Brown is the very rare artist to sing the same song on the BET Awards and the ACM Awards. (You can also expect to hear it again next week when he co-hosts and performs on the CMT Music Awards.) “Being on the BET stage and singing ‘Worldwide Beautiful,’ it’s mainly the Black community I’m singing to, and then I go to the ACMs or CMT and sing that song again and I’m right in front of this majority white (audience). I’m just trying to bring everybody together, and getting to do it on two different platforms, I’m just blessed and honored to have that ability,” he says.

The song was included in his recent EP, but had been planned for his third full-length album next year. “We thought it was such a massive song, and we wrote it before everything started going on. Because we had lived it before.” (The writing team also had another biracial member, Brown’s frequent collaborator Shy Carter, as well as Ryan Hurd and Jordan Schmidt.) “It just wasn’t in public and not being talked about. My plan was originally to have it as the last song on my (2021) album. Then after everything started happening” — i.e., the social unrest over police killings of Black men and resulting protests — “my fans had already heard it as a demo, and they immediately started begging for it, saying, ‘Please release it.’ Of course, some of my team was worried about the outcome because it’s kind of political. But we’ve heard nothing but positive feedback. And there’s really nothing we’re saying except everybody should love everybody. We’re not picking sides. My message would be to listen to everybody instead of yelling at each other. That’s how we’ll work this thing out is when everybody can just realize we’re all people.”

He doesn’t apologize for not taking a more controversial approach to addressing the national disharmony. “As an artist, you want to release a song that everybody can relate to and not argue about. So I don’t think there’s anything arguable in the song. It’s just saying everybody should be treated the same, and stop looking at colors, because everybody’s worldwide beautiful. … I hope the song gets more life. But it’s been great that I’ve gotten it out there. Once we get back on tour, I’ll be able to play it for people to get everybody singing along. I think that’s when it’s going to really take life is when everybody’s back together and all this quarantine stuff’s over and we’re back to live shows. Because my fans are all different types, and that’s my thing with music, of going from country to pop, is just bringing people together that necessarily wouldn’t be together. So I can’t wait to sing that song live and see everybody singing it with me.”
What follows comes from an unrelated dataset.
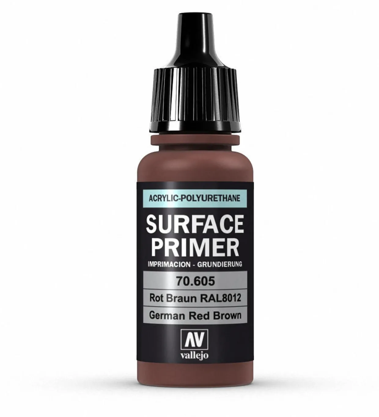 The Vallejo Model Air 70605 17ml German Red Brown (RAL 8012) Acrylic Polyurethane Primer is just one of many colours from the Model Air range. Vallejo Model Color Acrylic Paints range offers a wide selection of colours pre-thinned for use in an airbrush.

His proceeds from “Worldwide Beautiful” are going to the Boys and Girls Club of America. “I didn’t really know much about it,” he admits, “and my team brought it to my attention. When I first went in and met these kids, I immediately fell in love. You know, I have a huge heart for children, especially gone through rough times, because I lived that. You’re in there with all these kids, different races, all getting along, all having fun. A couple of them asked me and my wife to adopt ‘em — which I would have done, immediately. But they’re (in) unfortunate (circumstances): Either their parents are working hard or their parents don’t really have jobs, and the Boys and Girls Club is helping them out. So I just immediately knew the song was for them and I had to give them the proceeds. We had a Zoom call the other day with the kids where they said I was a Boys and Girls Club member for life. It meant the world to me — I felt like I got an award.”

Brown will be appearing on the Billboard Music Awards Wednesday night before he takes on a larger role the following Wednesday, Oct. 21, as one of four co-hosts of the CMT Music Awards.

“It definitely takes the pressure off, having three other people there,” he says. “It also takes the pressure off knowing that there’s not going to be anything (left to) chance — you know, we can do some retakes,” he laughs, noting the non-live nature of this year’s event. “But hopefully it’ll just make me move on further to when I can actually host an awards show for myself.” He views it as an exercise in forced extroversion. “I like trying to push my personality more, too. Because you know, I’m a pretty laid back guy,” Brown chuckles. “So I feel like this is kind of a social networking thing for me.”